Internacional. Un grupo de investigadores quiere desarrollar un termoestable de aceite vegetal epoxidado con base biológica. Los termoestables epóxicos se utilizan como adhesivos y revestimientos en electrónica, electrodomésticos y aviones, pero la mayoría de ellos no son amigables con el medio ambiente. Los termoestables de aceite de plantas epoxidados suelen ser débiles y se rompen fácilmente.

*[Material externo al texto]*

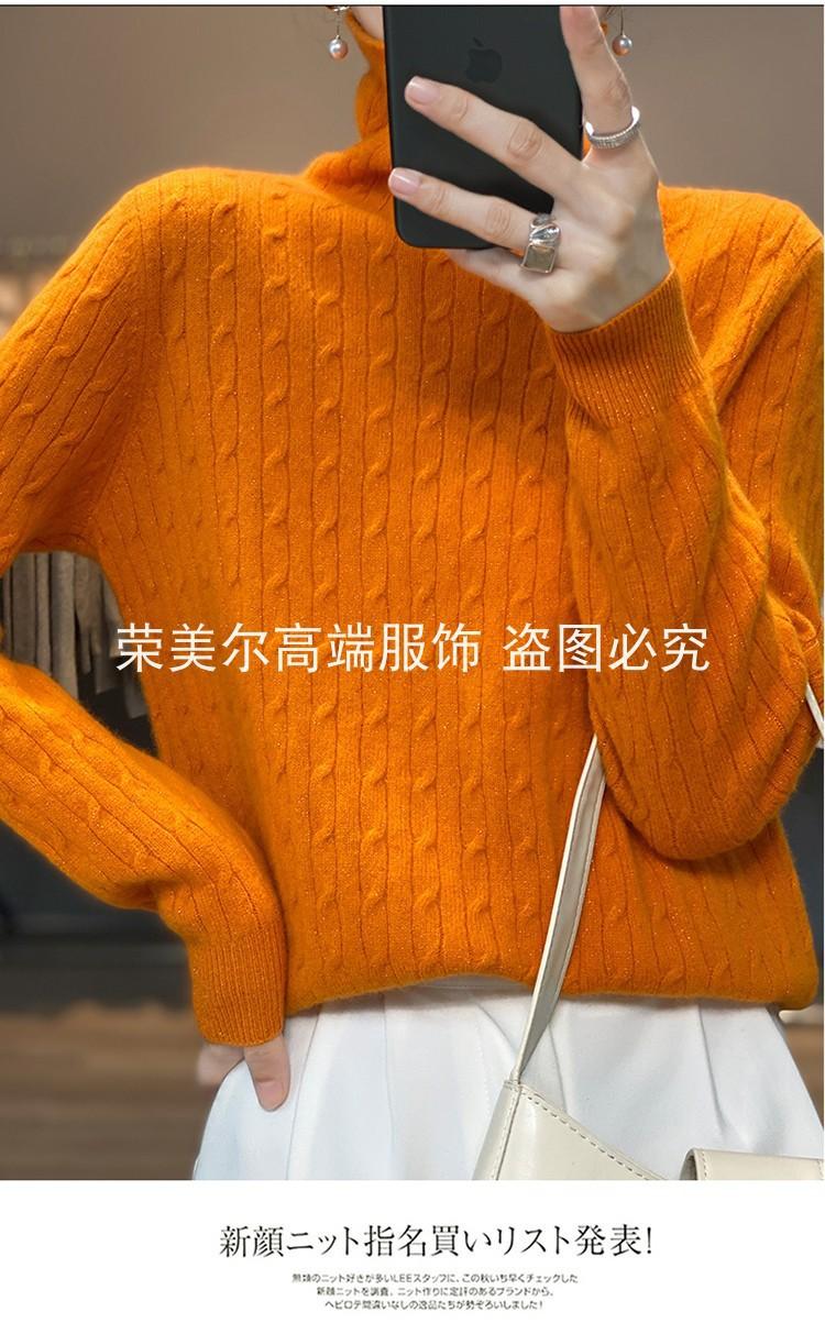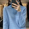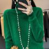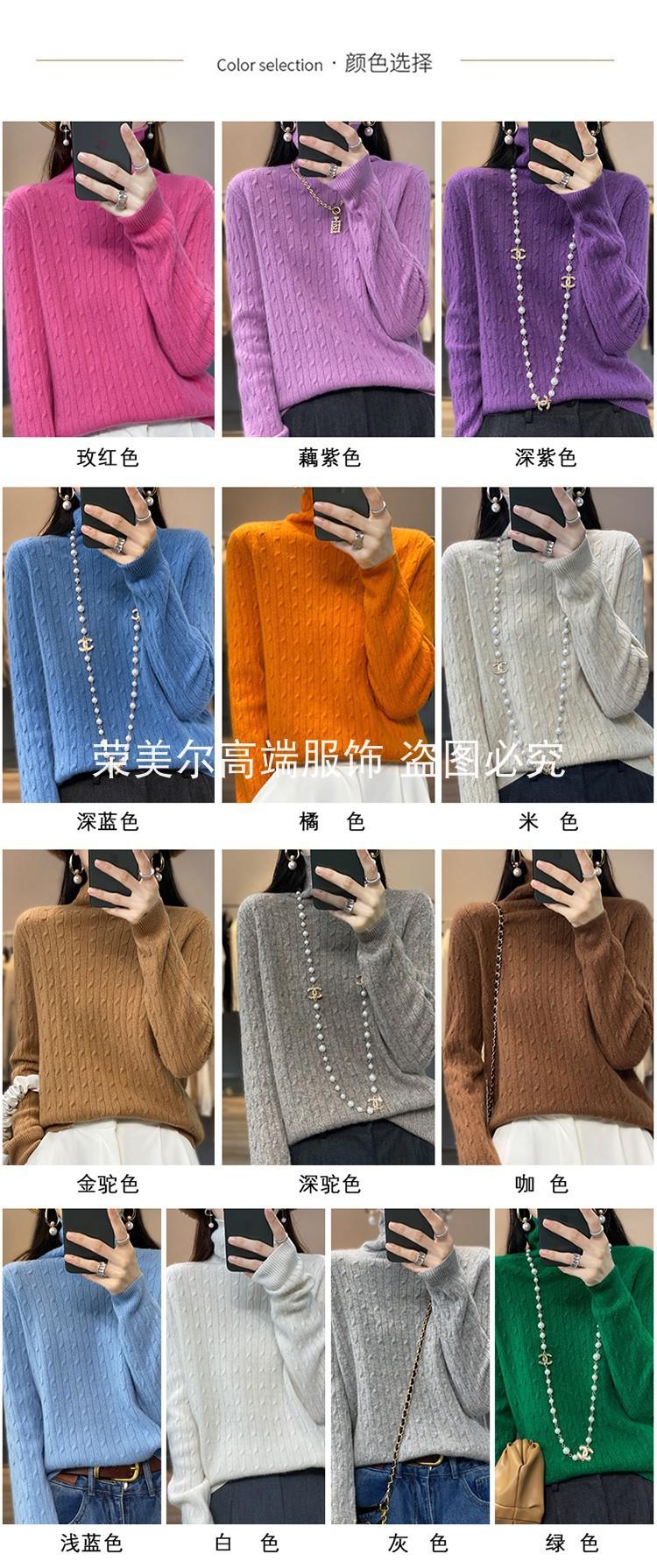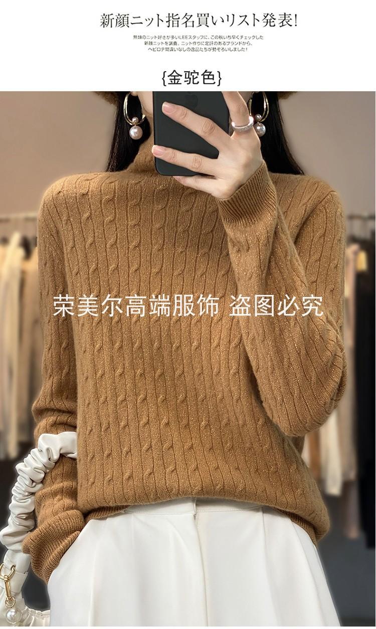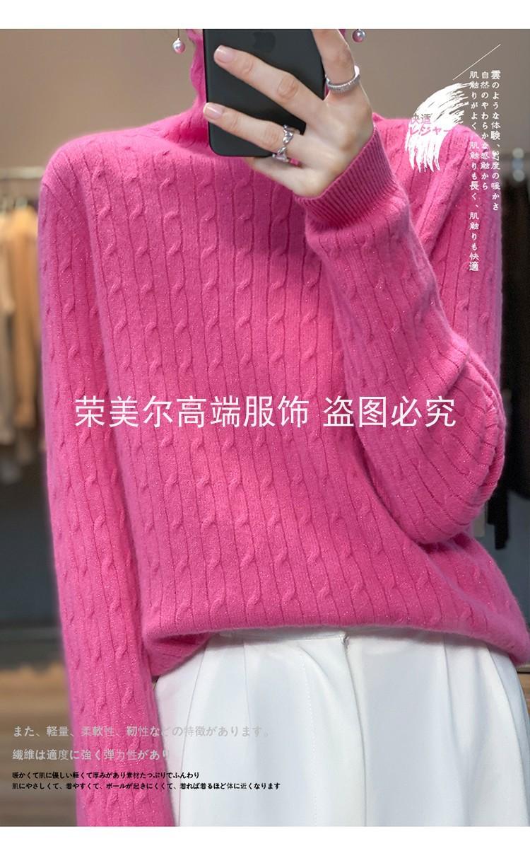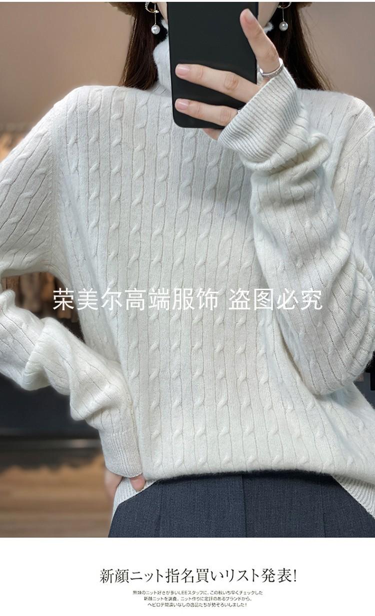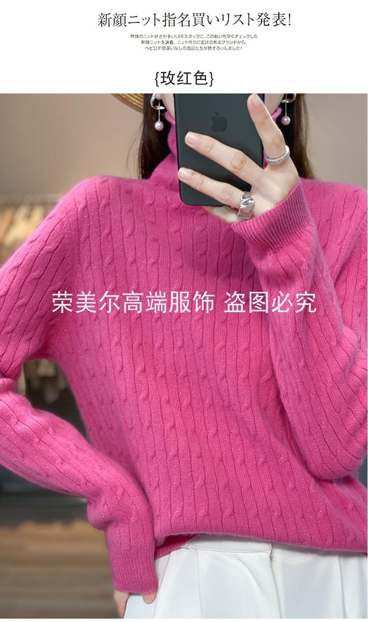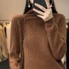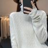 Otoño e invierno Nuevo suéter de cachemira para mujer cuello alto trenzado flor suéter pulóver moda coreana suelto lana tejido camiseta básica
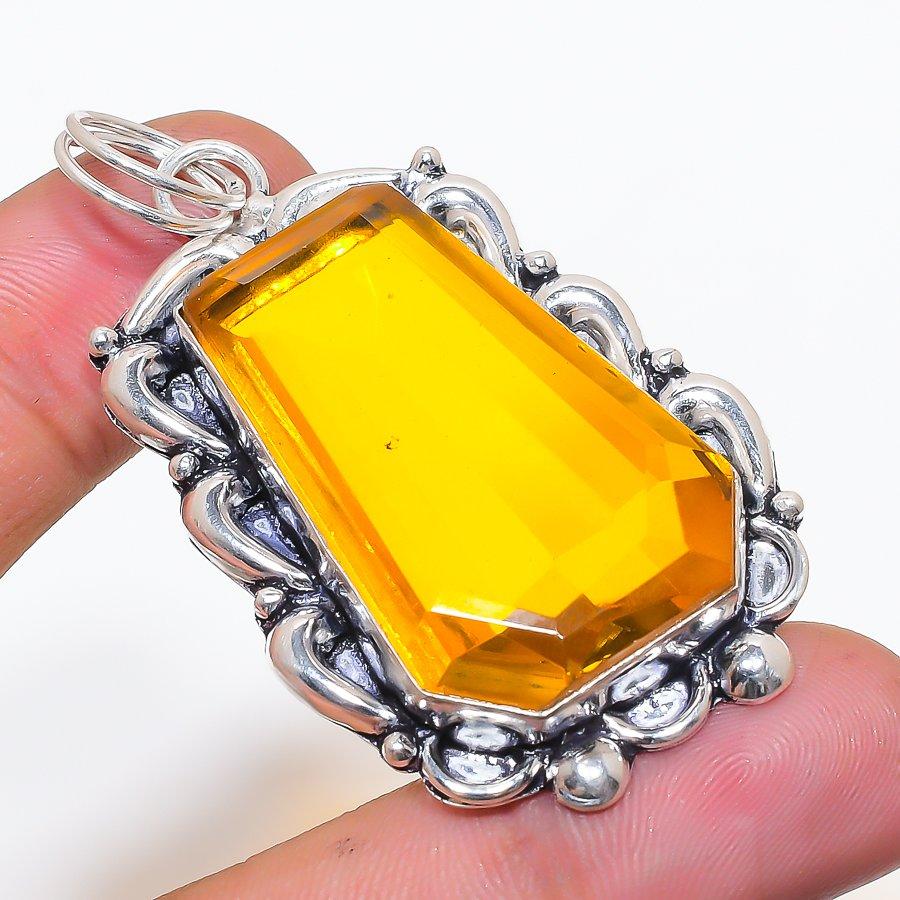 Natural Citrine Gemstone Handmade 925 Sterling Silver Jewelry Pendant 2.56" AP-14219
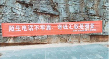 此外,软件学院制作电信网络反诈的宣传横幅,悬挂于各栋宿舍楼门口等较为醒目的地方,往来之间加深同学们对反诈知识的印象,时刻提醒同学们切忌误入诈骗陷阱,绷紧防范电诈之弦。
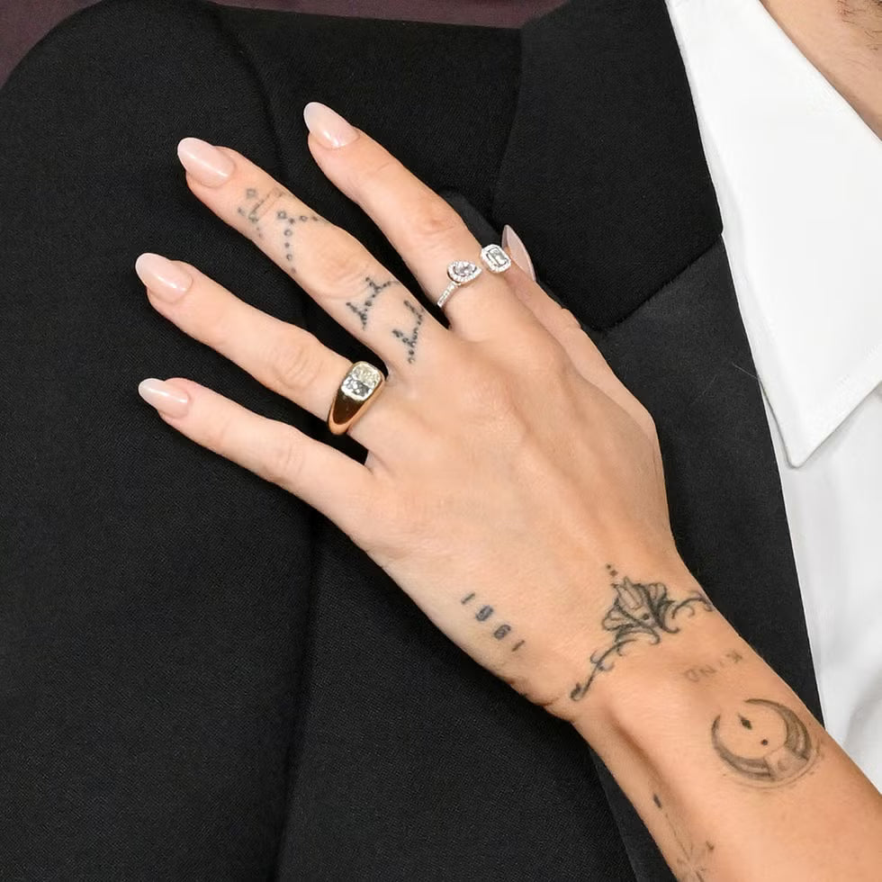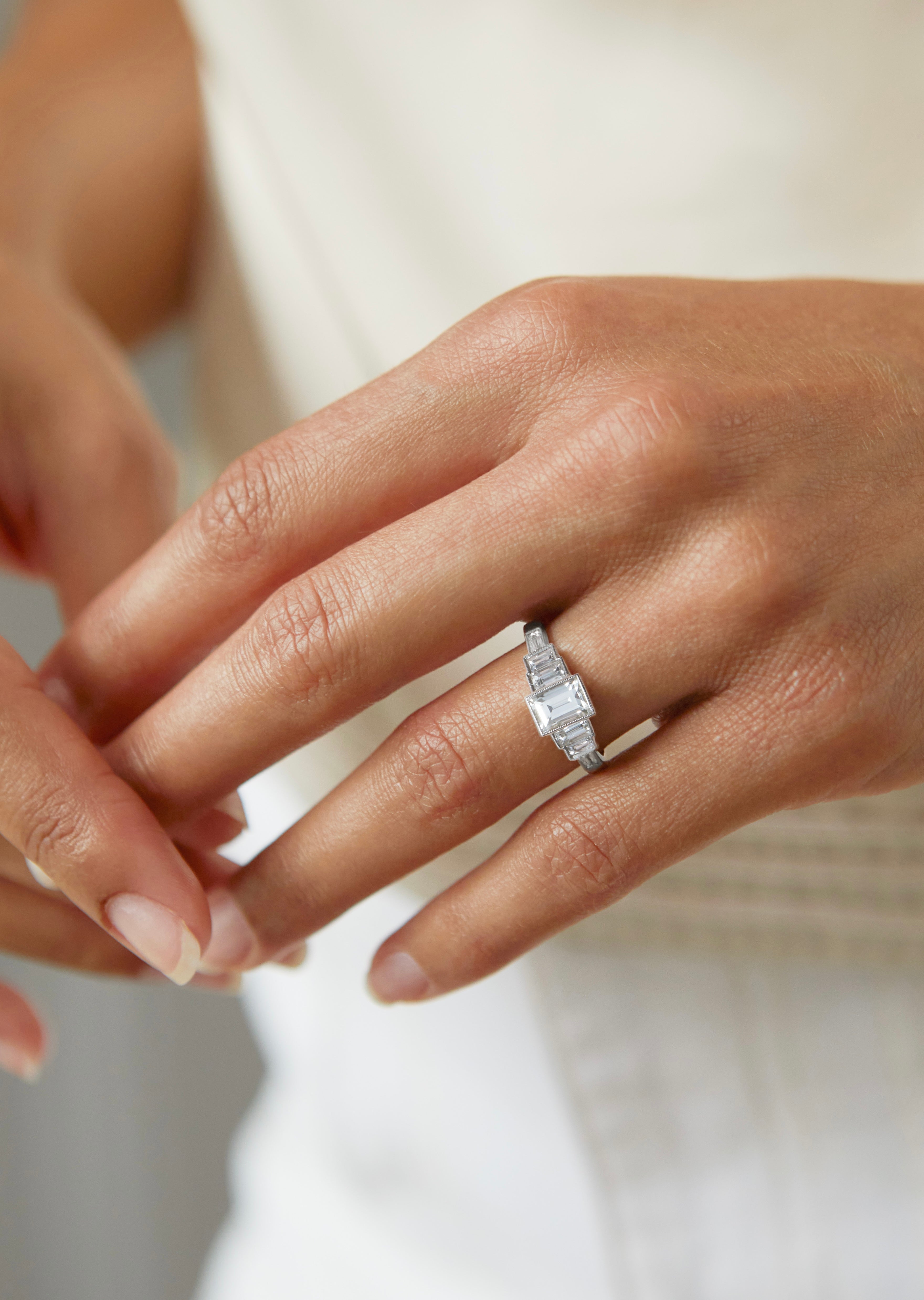 The band itself is becoming a design statement. Rather than a simple shank plus stone formula, designers are exploring softened signets, undulating curves, melted textures and sculptural forms inspired by early modernist jewellery. Dua Lipa’s engagement ring from Callum Turner embodies this movement. Her ring shows how a minimal setting can transform a diamond ring into a true sculpture. It feels pure, sophisticated and timeless, yet modern enough to stand apart.
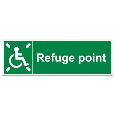 V Safety Refuge Point with Arrows Landscape 450 x 150 mm 3mm Brushed Aluminium Composite Sign
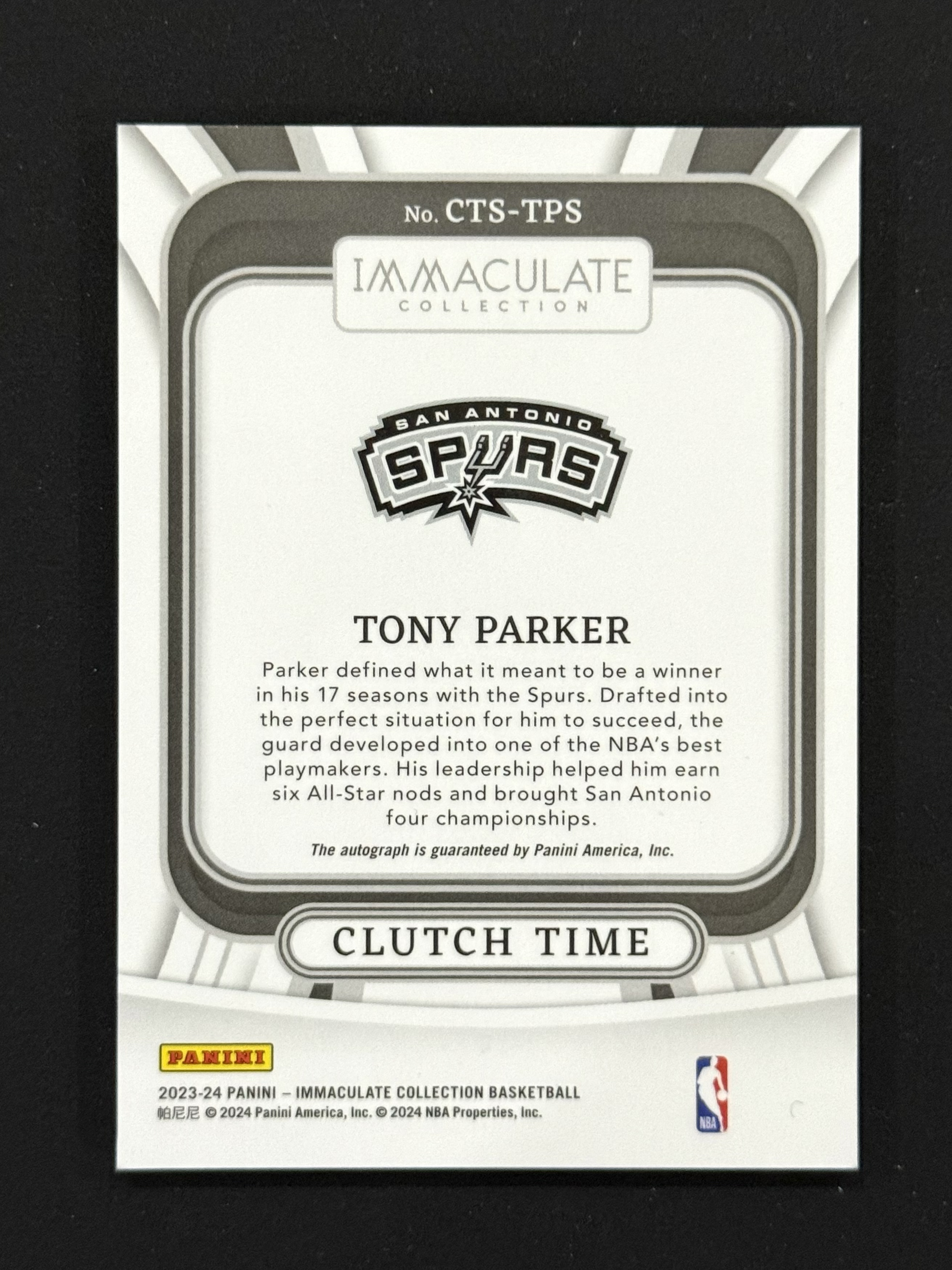 2023-24 Panini Immaculate Tony Parker 爱咪咪 马刺 托尼 帕克 法国跑车 签字 卡签 Clutch Time 99编 专收必备 收藏必备

Los investigadores sintetizaron oligómeros de poliamida 1010 (Nyl) terminados en dicarboxilo a partir de monómeros derivados de aceite de ricino, es decir, ácido sebácico y decametilen diamina, y usaron Nyl para curar aceite de soja epoxidado (ESO) para fabricar todo el termoestable de epoxi derivado de aceite vegetal a través de un método de curado exento de catalizador.
El estudio quimiorológico indicó que la velocidad de curado disminuye con el aumento de la longitud de la cadena Nyl. La densidad de reticulación del termoestable epoxi disminuye mientras que la cristalización mejora con el aumento de la longitud de la cadena Nyl, lo que da como resultado una mejora drástica en la resistencia a la tracción, el módulo de Young y el alargamiento a la rotura de los termoestables resultantes, permitiendo que esos parámetros aumenten hasta en 59, 145 y 18 veces, respectivamente, en comparación con el termoestable ESO curado con ácido sebácico.
La temperatura de fusión y por lo tanto la resistencia al calor de los termoestables también se mejoran obviamente con el aumento de la longitud de la cadena Nyl. Además, los termoestables muestran buena durabilidad y excelente estabilidad térmica. Con excelentes propiedades integrales, todas las termoestables de epoxi derivadas de aceites vegetales podrían encontrar algunas aplicaciones estructurales que no sean adhesivos y recubrimientos.